Researchers led by Prof.
Harsh Bais, at the University of Delaware, have published a study of how the
bacterium Bacillus subtilis, which
lives in the soil, makes a connection with plant hormones, which then signal plant
leaves, stems, and petals to close stoma when there are harmful pathogens
trying to enter. This stops pathogens
from entering the plant and becoming a systemic stressor (possibly killing the
plant).
How cool is that, eh?!
Interesting too is that
drought conditions can also start the sequence between the soil born bacterium,
plant hormones and stoma closure.
The research used a modest little plant, mouse eared cress (Arabidopsis thaliana), which looks like a "weed" of the sort we'd take out of our gardens, but which is probably welcome in a healthy meadow mix of plants for animal fodder.
Of several soil bacteria
tested (of the very many that there are!), the researchers determined that only
the Bacillis subtilis triggered the beneficial reaction sequence that occurs in
the soil plant web.
Phys.org reports that the
study underscores "both the importance of root-based processes in plant
defense and the potential for bolstering plant immunity naturally through the
emerging field of probiotics." ("Probiotics" are "live microorganisms
that are thought to be beneficial to the host organism."*)
In other words, do all you
can to encourage healthy soil so you'll have healthy plants.
In Prof. Bais' words: "...
there is increasing commercial interest in inoculating crop seeds with
beneficial bacteria to reduce pathogen infection. 'Just as you can boost your
immune system, plants also could be supercharged for immunity.'"

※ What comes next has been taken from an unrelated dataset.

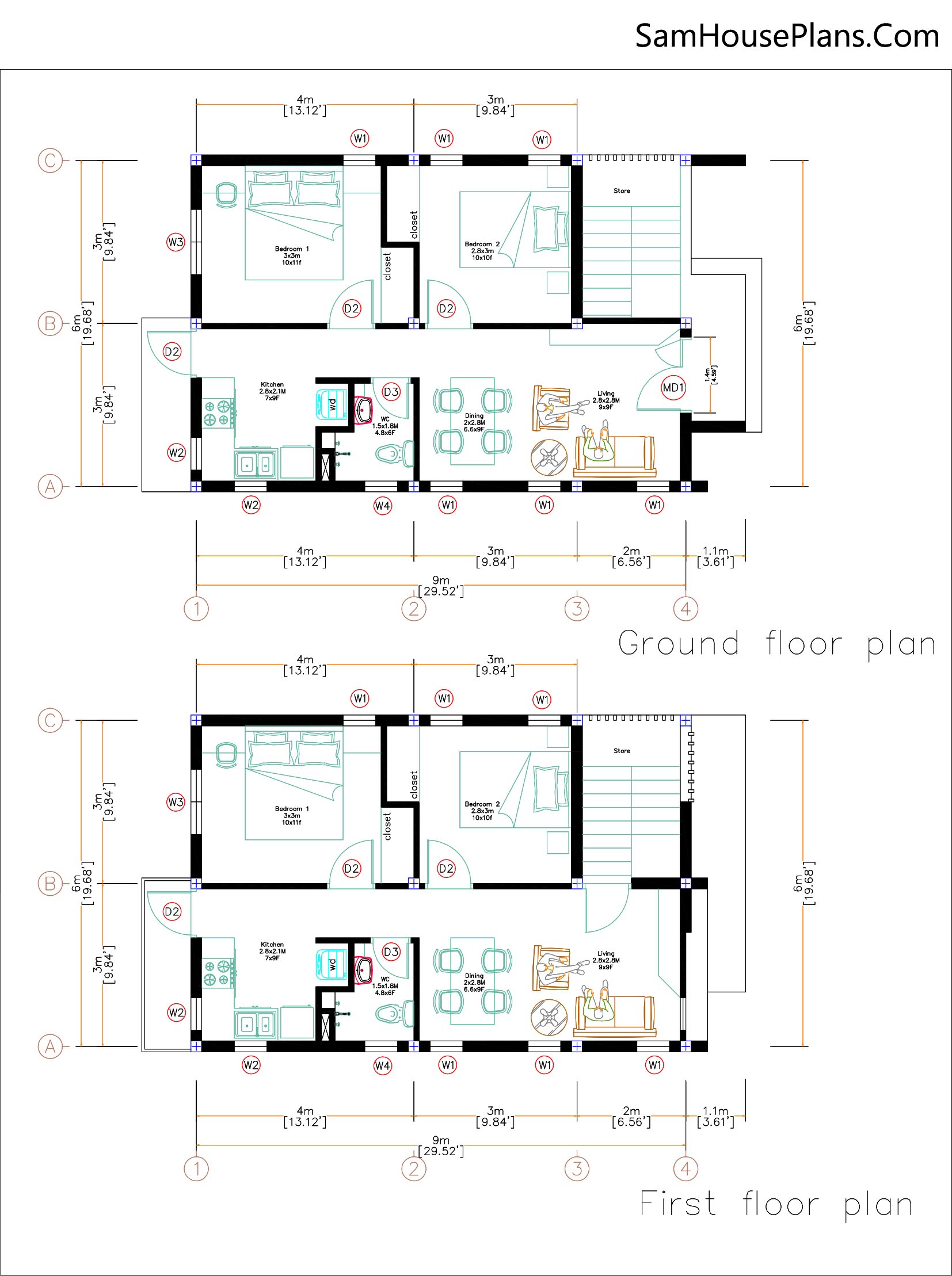 20×30 Small House Plan 6×9 M with 2 Bedrooms Each Floor Full PDF Plans. This house is perfect for Two family that need 2 bedrooms.

I think of the soil web as
"wholistic" in the sense of there being many, many parts which are
together greater than the sum of the individual parts. I also have great respect for the abilities and detail-orientation of people in the sciences. Balancing the "whole" and the detail is an ongoing dance.
Here, a researcher
spends time separating out many factors (soil bacteria), finds only one that
triggers a reaction (and admits to only knowing 5% overall of what the one
does) and then wonders what place this one factor might play in treatment application for crop betterment.
Is it just our human
nature to be awed by the small amazing things we can discover, and to hope that
the one small thing can be applied to the larger scope difficulties we try so
hard to solve?
You might
want to read the study summary and have a think on these matters yourself.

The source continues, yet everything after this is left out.